1Mo 24,1
J.Kroeker
"Abraham war alt geworden, war hineingekommen in die Tage
und der Herr hatte Abraham in allem gesegnet." 1.Mose 24,1.
Selten schön fasst hier der biblische Bericht das
Gesamtergebnis von dem Glaubensleben Abrahams zusammen. Er
war alt geworden, war in die Tage hineingekommen und war in
allem gesegnet. Die hebräische Sprache hat zwei Ausdrucke
für den Begriff alt, die jedoch ganz Verschiedenes vom Alter
aussagen. Das eine Wort bezeichnet eine "Abnutzung der
Kräfte, ein Erschlaffen, ein Dunkelwerden". Das andere Wort
dagegen bezeichnet den durch die Lebensarbeit "errungenen
Gewinn, die Reife der Persönlichkeit". Dieser Begriff ist
hier zur Bezeichnung des Alters Abrahams gebraucht.

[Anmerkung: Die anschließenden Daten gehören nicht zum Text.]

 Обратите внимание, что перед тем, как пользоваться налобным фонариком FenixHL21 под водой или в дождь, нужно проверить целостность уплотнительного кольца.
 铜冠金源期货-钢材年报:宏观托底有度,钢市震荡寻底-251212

Denn es gibt ein Leben, das nicht altert. Dies ist das Leben
des Glaubens. Obgleich in der gegenwärtigen Schöpfung
geboren, so ist es doch nicht Leben der gegenwärtigen
Schöpfung. Wahres Glaubensleben sah sich von Fall zu Fall
durch göttliche Offenbarung geweckt, wurde in seinen
Handlungen von göttlicher Kraft inspiriert und getragen
und wusste sich in seinem Ziel für die Ewigkeit bestimmt.

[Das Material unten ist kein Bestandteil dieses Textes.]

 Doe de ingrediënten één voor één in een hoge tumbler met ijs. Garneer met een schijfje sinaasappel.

Leben, das aus der Ewigkeit gewirkt wurde, so zeitlich und
menschlich es auch in seinen Erscheinungen war, und für die
Ewigkeit berufen ist, das altert nicht. Schon die alten
Weisen Israels sagten: "Alt ist, wer beide Welten erobert."

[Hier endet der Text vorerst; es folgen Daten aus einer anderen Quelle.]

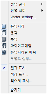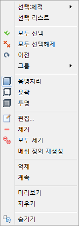 모든 결과 작업에서 오른쪽 클릭 메뉴를 사용하면 모형, 부품 또는 결과 객체의 모양을 수정할 수 있습니다.

Alt ist ihnen derjenige, "der mit seinem hieniedigen Dasein
beide Welten erworben, die diesseitige für die zukünftige,
indem er der hieniedigen Welt den Stempel des Göttlichen
aufgedrückt." Ein Leben, das wie das eines Abrahams in Gott
selbst zur Ruhe gekommen und im Umgang mit Gott seine
verborgenen Kraftquellen gefunden, ist durch die Zeit nicht
abgenutzt worden, hat im Dienst nicht seine Kraft eingebüßt,
ist im Kampf nicht zusammengebrochen. Was in solch einem
Leben im Alter erschlafft oder was dunkel werden will, das
sind die rein physischen Kräfte, das ist der stoffliche
Organismus, in dem die eigentliche geistige Persönlichkeit
des Menschen sich auslebt. War das Leben auch reich an
Dienst und Kampf, brachen in demselben auch manche Stützen
und Hoffnungen zusammen, ging es auch durch manche Irrungen
und Entmutigungen hindurch, - alles trug nur mit dazu bei,
dass die im Umgang mit Gott stehenden Persönlichkeiten zu
jenem Alter ausreiften, das zwei Welten erobert hat.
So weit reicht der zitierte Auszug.